* _WHAT IS REQUIRED_
Look through the records below for the line with "werden auf 16". Return that line and each one after it up to and including the line with "Join us on Saturday, June", exactly.

* _DATA PROVIDED_
--- --- ---
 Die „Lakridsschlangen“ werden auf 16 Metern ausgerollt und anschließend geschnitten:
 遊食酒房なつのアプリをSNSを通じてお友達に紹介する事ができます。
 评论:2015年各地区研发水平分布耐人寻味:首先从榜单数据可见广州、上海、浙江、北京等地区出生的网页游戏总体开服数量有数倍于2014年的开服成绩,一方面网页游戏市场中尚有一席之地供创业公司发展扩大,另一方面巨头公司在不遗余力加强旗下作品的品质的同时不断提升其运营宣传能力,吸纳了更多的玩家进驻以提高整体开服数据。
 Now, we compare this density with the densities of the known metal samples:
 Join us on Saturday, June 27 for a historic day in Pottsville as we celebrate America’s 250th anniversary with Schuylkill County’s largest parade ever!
--- --- ---
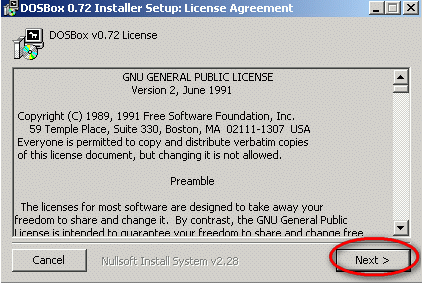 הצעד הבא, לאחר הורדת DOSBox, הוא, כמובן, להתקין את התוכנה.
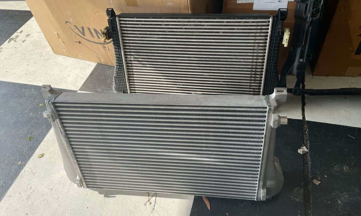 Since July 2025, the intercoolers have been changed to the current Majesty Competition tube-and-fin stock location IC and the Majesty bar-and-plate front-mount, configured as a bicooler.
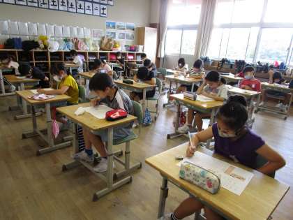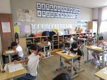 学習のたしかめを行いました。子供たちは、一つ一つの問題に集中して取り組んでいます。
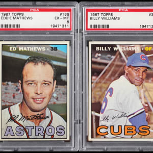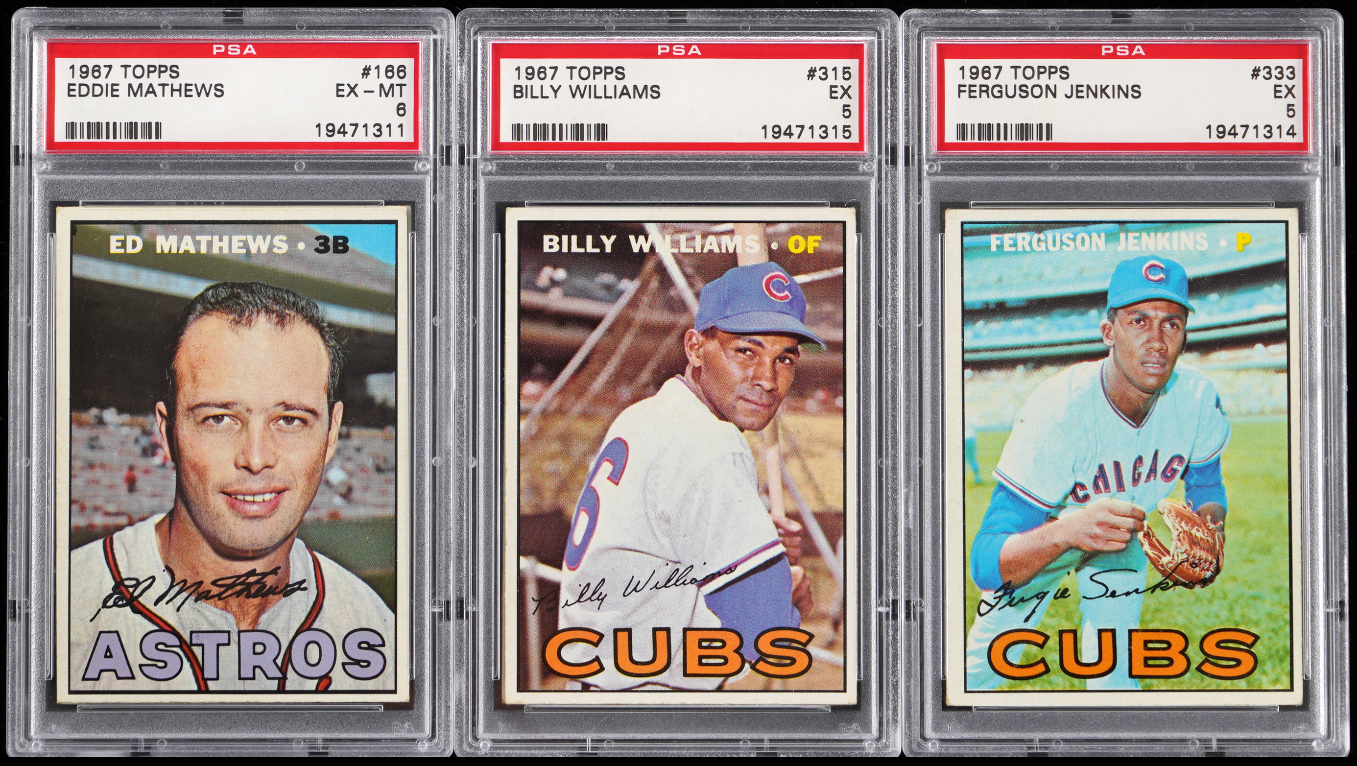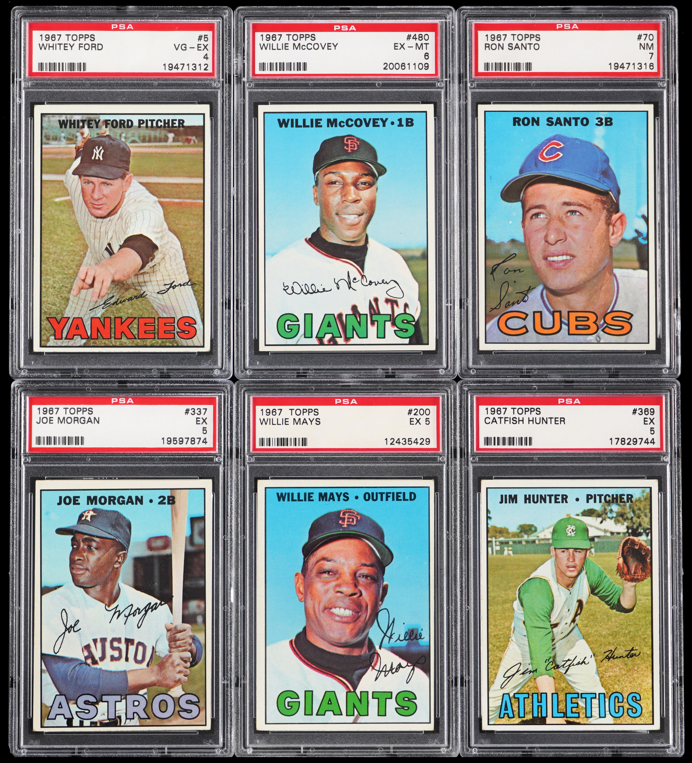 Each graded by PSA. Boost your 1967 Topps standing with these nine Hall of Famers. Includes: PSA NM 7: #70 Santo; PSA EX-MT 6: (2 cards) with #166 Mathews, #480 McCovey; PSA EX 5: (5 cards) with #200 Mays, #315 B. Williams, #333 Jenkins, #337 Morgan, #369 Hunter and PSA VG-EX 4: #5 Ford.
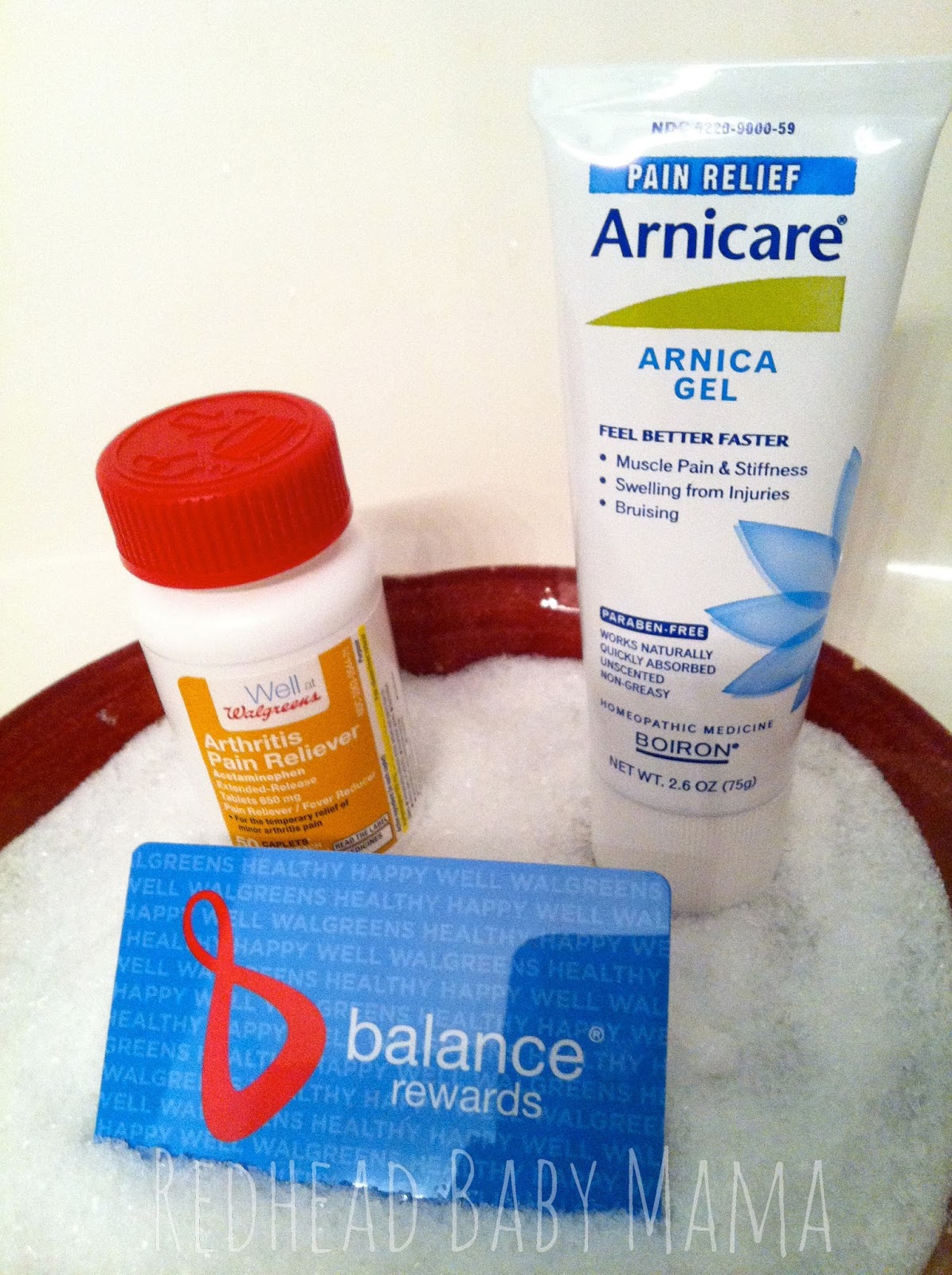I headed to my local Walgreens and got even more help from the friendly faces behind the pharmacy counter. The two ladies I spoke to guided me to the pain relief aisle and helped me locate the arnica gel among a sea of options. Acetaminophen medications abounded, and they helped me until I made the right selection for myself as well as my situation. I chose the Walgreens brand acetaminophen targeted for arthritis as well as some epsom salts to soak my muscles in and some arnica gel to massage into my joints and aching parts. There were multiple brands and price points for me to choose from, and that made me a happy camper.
--- --- ---
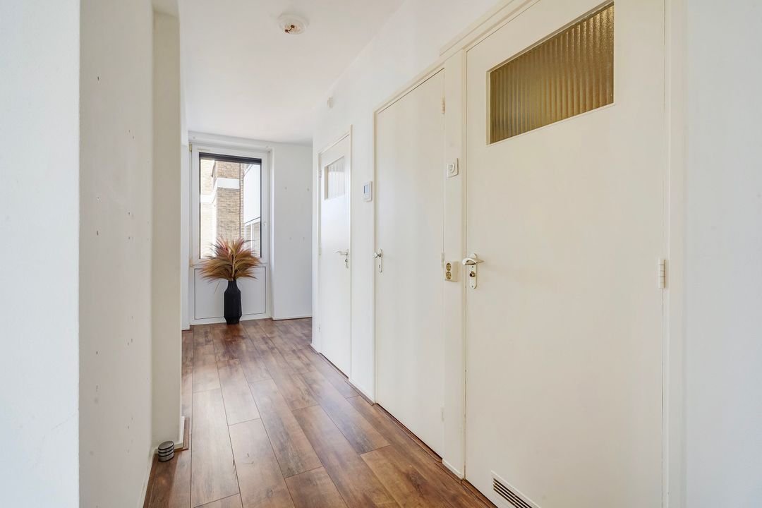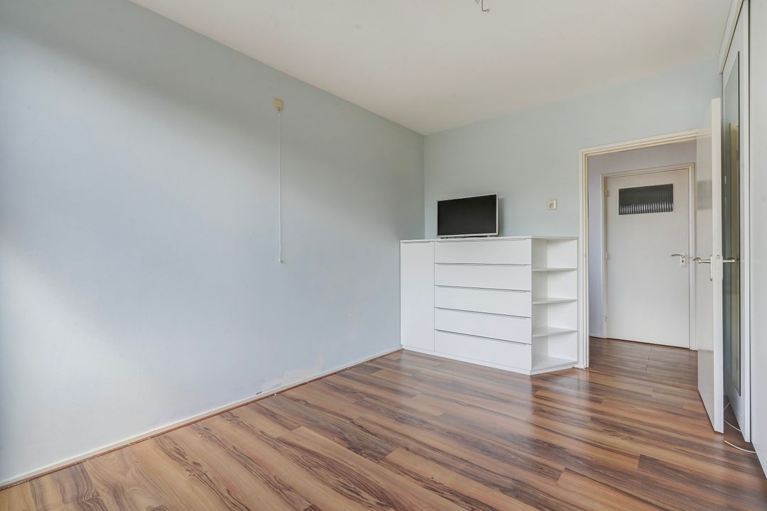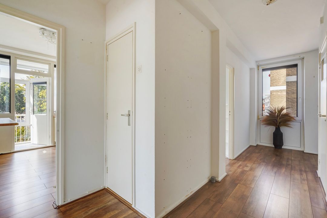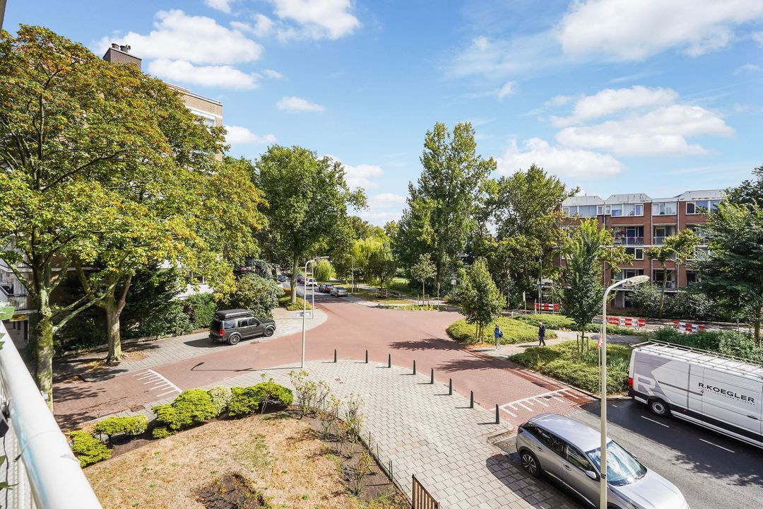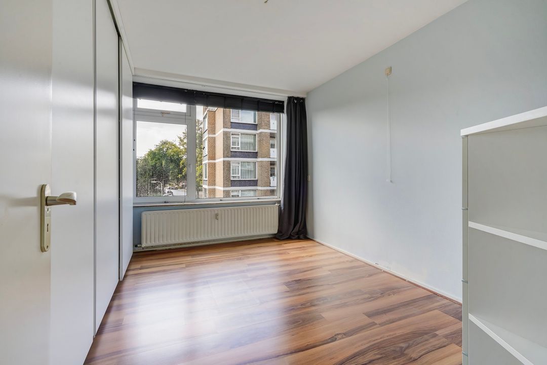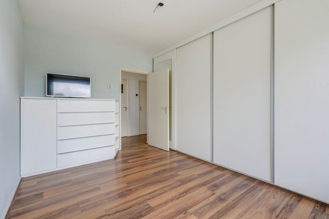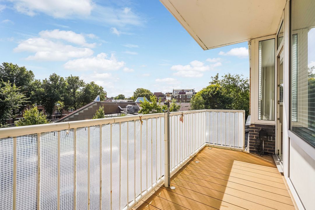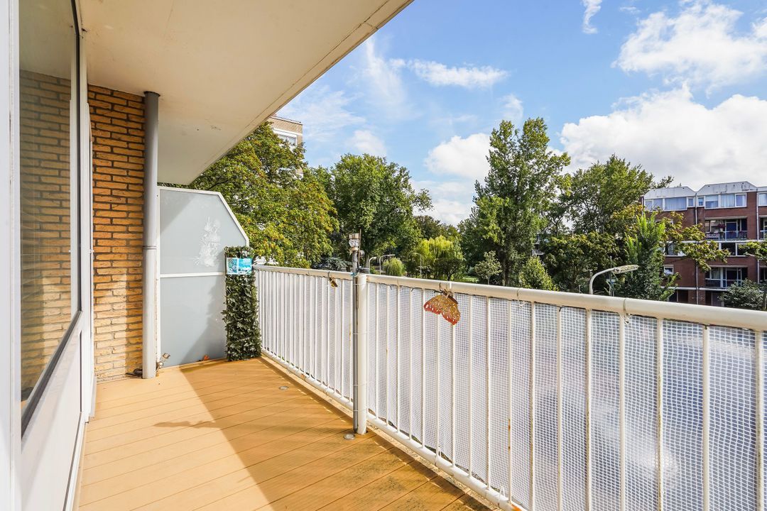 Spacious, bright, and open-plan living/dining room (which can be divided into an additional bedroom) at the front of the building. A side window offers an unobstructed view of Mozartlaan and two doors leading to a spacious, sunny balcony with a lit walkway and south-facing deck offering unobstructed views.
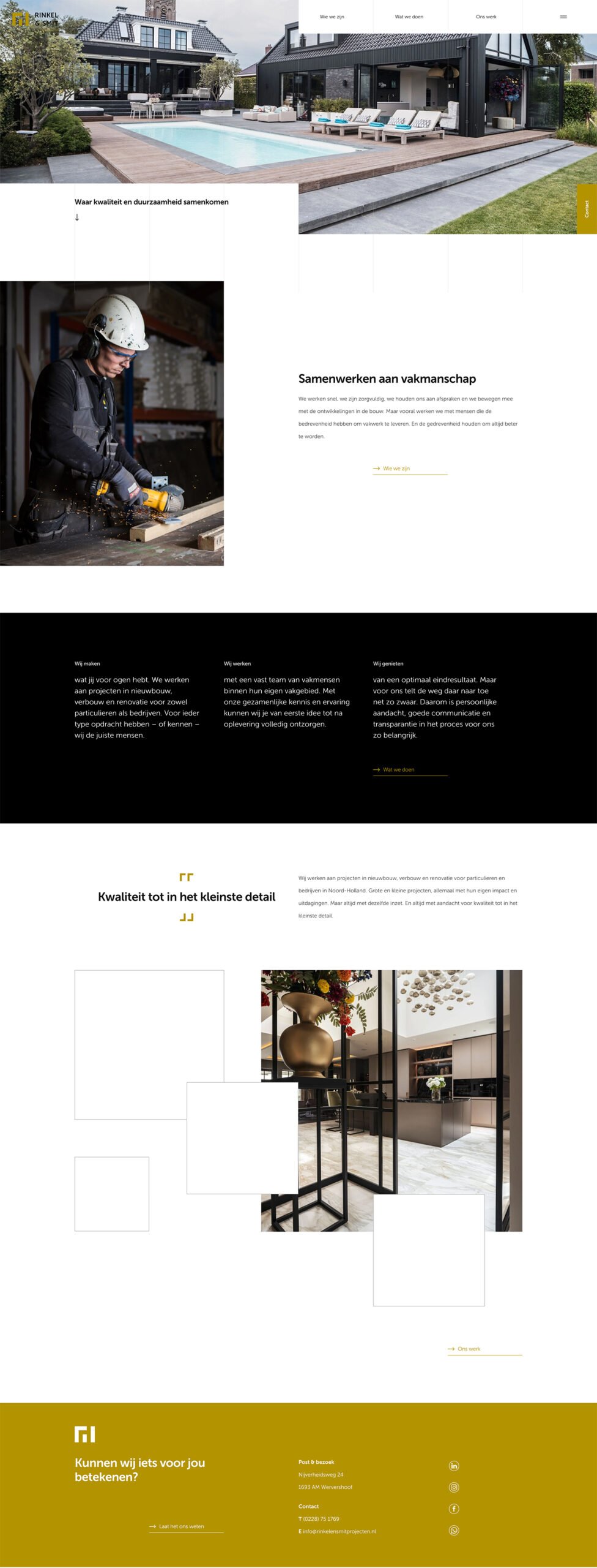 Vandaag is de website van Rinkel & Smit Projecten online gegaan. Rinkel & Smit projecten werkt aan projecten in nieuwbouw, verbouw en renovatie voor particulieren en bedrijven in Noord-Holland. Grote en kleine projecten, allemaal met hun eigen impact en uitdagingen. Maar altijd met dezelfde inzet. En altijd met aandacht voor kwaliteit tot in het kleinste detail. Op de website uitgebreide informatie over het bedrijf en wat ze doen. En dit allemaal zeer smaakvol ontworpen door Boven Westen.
--- --- ---
* _EXPECTED ANSWER_
 Die „Lakridsschlangen“ werden auf 16 Metern ausgerollt und anschließend geschnitten:
 遊食酒房なつのアプリをSNSを通じてお友達に紹介する事ができます。
 评论:2015年各地区研发水平分布耐人寻味:首先从榜单数据可见广州、上海、浙江、北京等地区出生的网页游戏总体开服数量有数倍于2014年的开服成绩,一方面网页游戏市场中尚有一席之地供创业公司发展扩大,另一方面巨头公司在不遗余力加强旗下作品的品质的同时不断提升其运营宣传能力,吸纳了更多的玩家进驻以提高整体开服数据。
 Now, we compare this density with the densities of the known metal samples:
 Join us on Saturday, June 27 for a historic day in Pottsville as we celebrate America’s 250th anniversary with Schuylkill County’s largest parade ever!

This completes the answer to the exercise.